The first 10 to 15 meters were very narrow and we decided to rappel this section before stepping into our skis. Having rappeled several times by now, I was only excited to drop in. Going first meant I had to create a platform to safely transition into ski mode. I was still on the rope, so the worst thing that could happen was to drop my gear. This would actually have been a serious problem, but not as bad as falling down myself…
Soon I was ready to make some turns but first I had to get off the rope. Jonathan came down and clicked into his skis as well and time had come to make the best turns of my life. At least, that was the plan. It was seriously steep at the top and I realized strong focus was needed. As many steep skiers have said in the past:
“When skiing very steep terrain you can not think of the consequences. You only think about the next turn. Otherwise you won’t go. This way you really live in the moment, a very special experience. Life suddenly is very simple, you have to do one thing and you have to do it right!”
This was exactly my experience. Sure, if you fall at the top, the consequence will not be very nice. You can’t afford to think about that because you’ll probably ski in a very tense way and you won’t enjoy it. So, I gathered all the experience I had and turned it into confidence. Sure, I can ski 50 degrees terrain so let’s do this!
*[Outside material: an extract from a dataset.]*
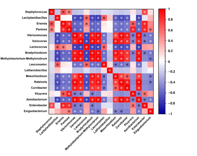 Figure 7. The correlation matrix mainly belongs to Spearman's rank correlation between attributes. (*) p<0.05.

Helped by great conditions, I made one turn at the time in the upper section. After 50 meters or so, the couloir opened up a little bit resulting in more space to play with. The snow was fantastic (on May 5, yes!) and we made some very nice turns. Once we arrived at the bottom section, the snow started to become a little bit affected. It was still very enjoyable though and only several minutes later, high fives were the result of completing a simply sensational descent!
After our celebration we were treated by some delicious corn to ski down to refuge Villar d’Arène. Spaghetti and a cold coke seemed quite appropriate to us at that point. After our adventure, we were suddenly in our t-shirts chilling in the sun in 20 degrees. Skiing in May, not a bad option when things work out…
While relaxing outside the hut, reviews arrived about Piaget. Apparently the snow was really affected and people had chosen to descend on the other side, a more mellow descent. Not knowing the ability and preference of those people, we still waited for the next morning to make our own decision. Overnight a strong wind had affected the snowpack even more and when clouds arrived, preventing the frozen snow from warming up by the sun, we had to conclude that couloir Piaget, the classic steep skiing run of the Ecrins, was not in condition this day. We decided to call it a day and finish the trip with great memories of Couloir E de Brèche Cordier!